February may be cold, snowy and somewhat dreary, but spring fashion is already in stores and fall fashion is already being paraded down the runways. So instead of moping over gray skies, get ready to shine in some new eco-fashion finds. Valentine’s Day may have come and gone, but these sweet styles continue to evoke that romantic feeling for days to come. Here are just a few things we’re loving this month: coats, sweaters, accessories, even makeup! Take a look:

Red is showing up all over the Fall 2010 runway in New York, so get ready to see (and sport!) a lot of this cheery hue. You can get started with Indigenous Design’s adorable little knit dress in ruby, made from organic cotton and Tencel. Keep it subtly sexy by pairing it with opaque tights or leggings and a snuggly sweater coat. We like Indigenous’ red alpaca sweater coat for its bright color and beautiful details. You’ll swoon over the soft, handwoven alpaca wool. This is perfect for a night in or a day out and about.

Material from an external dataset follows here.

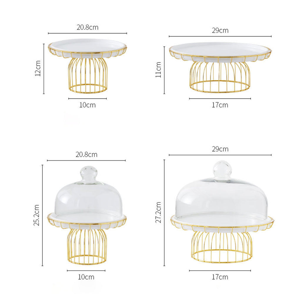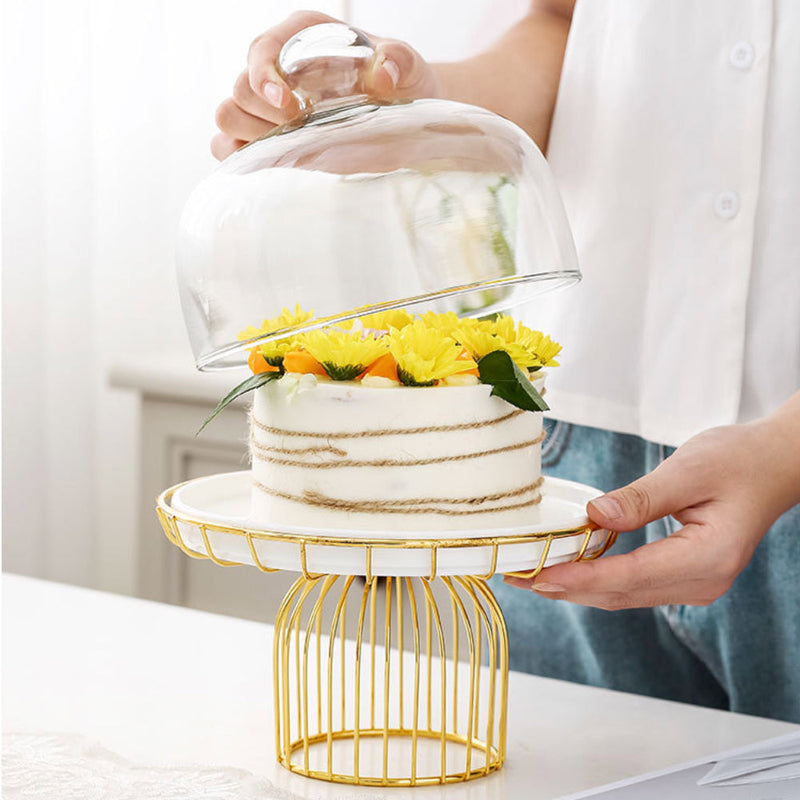 A ceramic plate and a glass cloche are included with the metallic cake stands, which have honeycomb bases. The modern colors of the stands are ideal for both beautifying the dining table and presenting, exhibiting, and preserving the food and its freshness. The plate and stand enhance any classic dining table arrangement due to their remarkably different colors. When used separately, the ceramic plate can also be used as a platter.

Not to get all matchy-matchy, but while we’re embracing red, we simply can’t leave out another great knit by Indigenous: the Soho wrap in ruby (pictured below). This organic cotton poncho echoes what we’re seeing on the runway, but it’s functional enough to get you through your day.

As the weather starts to warm up (wishful thinking!), you may want to trade your heavy winter coat for some lighter attire. Even though there’s snow on the ground here in New England, we’ve had some 50 degree days that officially make it sweatshirt weather!

A great piece to have on hand for such days is Prairie Underground’s long cloak hoodie, made from organic cotton jersey. This is the perfect transition piece, and its navy color matches the nautical items you’re likely to encounter in stores’ spring collections. This would look adorable with a Breton striped tee atop leggings or skinny jeans!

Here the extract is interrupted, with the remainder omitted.